Andrew solemnly handed his flashlight to his sister Eleanor, and Milton handed his flashlight to his sister Velma, and the two sisters took turns taking the flashlights to set them on the rock and to curtsy to each other.

“Oh, isn't this cute,” Mrs. Trent said. “They're having the Olympics here!”

Sgt. Trent scarcely heard that, thinking to himself about how children that age understood things and events … and then five-year-old Lil' Robert and six-year-old Grayson came out of the house with nothing on but vines tied around their little blond heads.

“We're gonna do it Greek style!” Lil' Robert said.

“Yeah!” nine-year-old brunette George said, coming out similarly undressed and having no clue that Grandpa Doom, with arms fully outstretched, white beard and hair flying, and blue eyes wild, was coming up out of the relative darkness of the house right behind him …

However, there was no time to see what happened there because there was a commotion in the kitchen, and Sgt. and Mrs. Trent went running just in time for the sergeant to catch Gracie jumping down from the kitchen counter with the Morton's Salt in her hands.

“Gracie, what in the world –?”

She was in her ballet leotard, minus the tutu, and had a perfectly reasonable explanation.

“Well, Dad, it's the Summer Olympics, and you can't have the Summer Olympics without gymnastics, and you can't have gymnastics without the floor exercises. We already put out your bedspread in the cul-de-sac for the floor, but you still can't have gymnastics without summer salts.”

Sgt. Trent dropped his daughter at that, but she just stepped down to the ground.

“The way y'all keep the important things up so high I feel like I should already have the rock climbing medal, but anyway, gotta go, because Amanda and Edwina are going to try to beat me in the cuteness department and I gotta get my summer salts ready!”

Gracie flashed her 1,000-watt smile in her pretty brown face and ran off, one second beyond the sudden lunge of her father.

Meanwhile, the Olympic racing was already on … George, Grayson, and Lil' Robert were running from their grandfather again, and Gracie was just running head out because she was just built for speed, with her parents behind her.

“This is probably not how we intended to plan this event,” Velma Trent said to Eleanor Ludlow as they stood in their Sunday best, guarding the Olympic torch flashlights, “but, shoot: everybody is breaking speed records.”

“I told you it doesn't take all that the grown folks are doing,” Eleanor said, “although somehow I think our Olympics will only take about an hour to be done.”

“Yep,” Velma said. “I think Lil' Robert and Grayson and George may have taken the Greek part too seriously for the crowd we have here.”

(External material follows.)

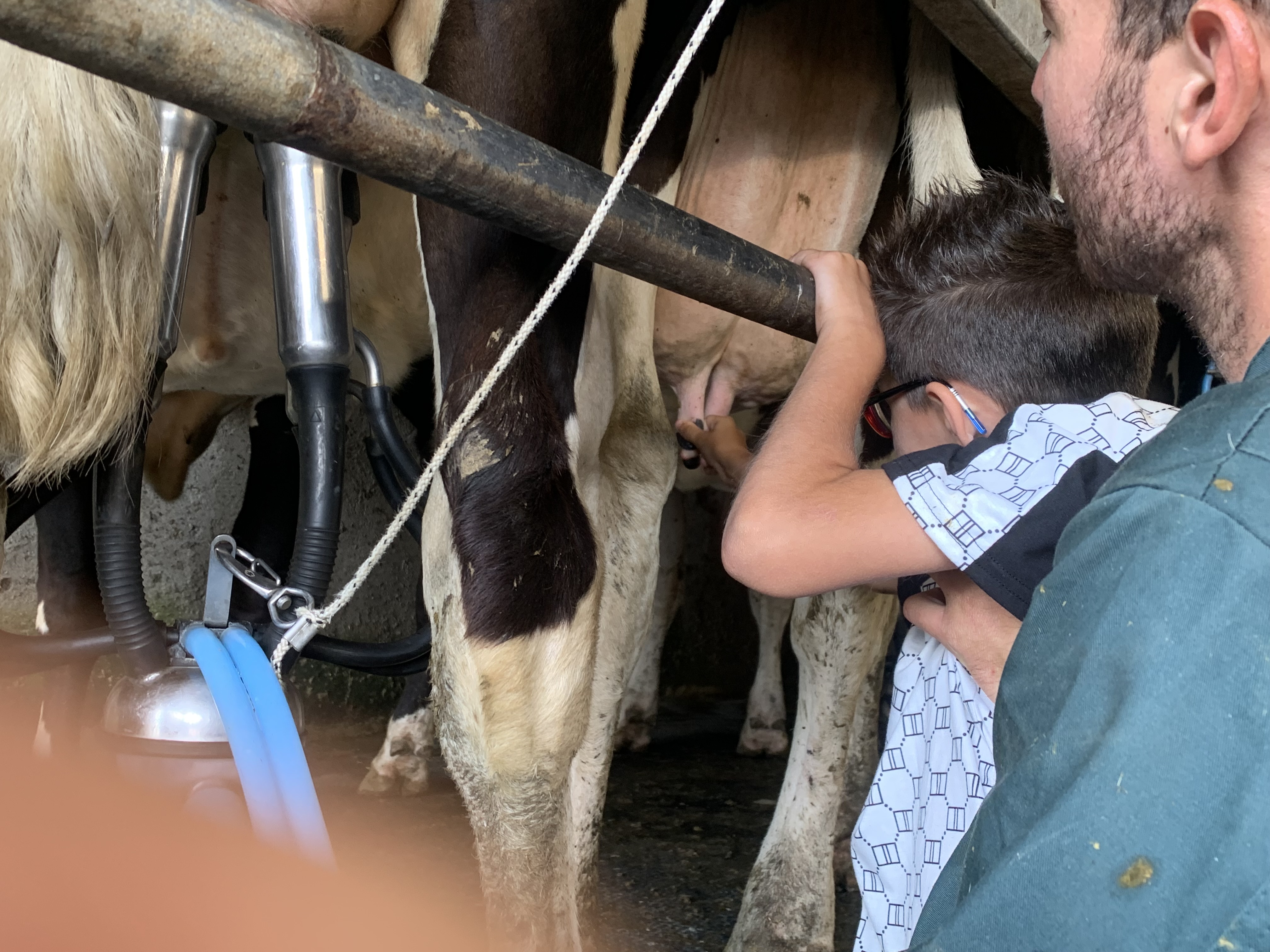 Mon fils de deux ans a apprécié ce petit moment entre les vaches, les veaux et le lait

“Well, it's like I always say,” Eleanor said. “If you're going to try to live like a Greek god, you actually have to be a Greek god, and my little brothers aren't quite there yet – oh, look, your dad cleared a natural hurdle! This is getting better and better!”

“Oh – there goes Lil' Robert trying to vault without the summer salts out yet – and we see why that doesn't work, either,” Velma said, shaking her head. “Man down!”

“It's a good thing your parents' plush bedspread was there, though,” Eleanor said. “That could have been ugly. Do we get injury timeouts in the Olympics? Oh never mind, your dad just called it.”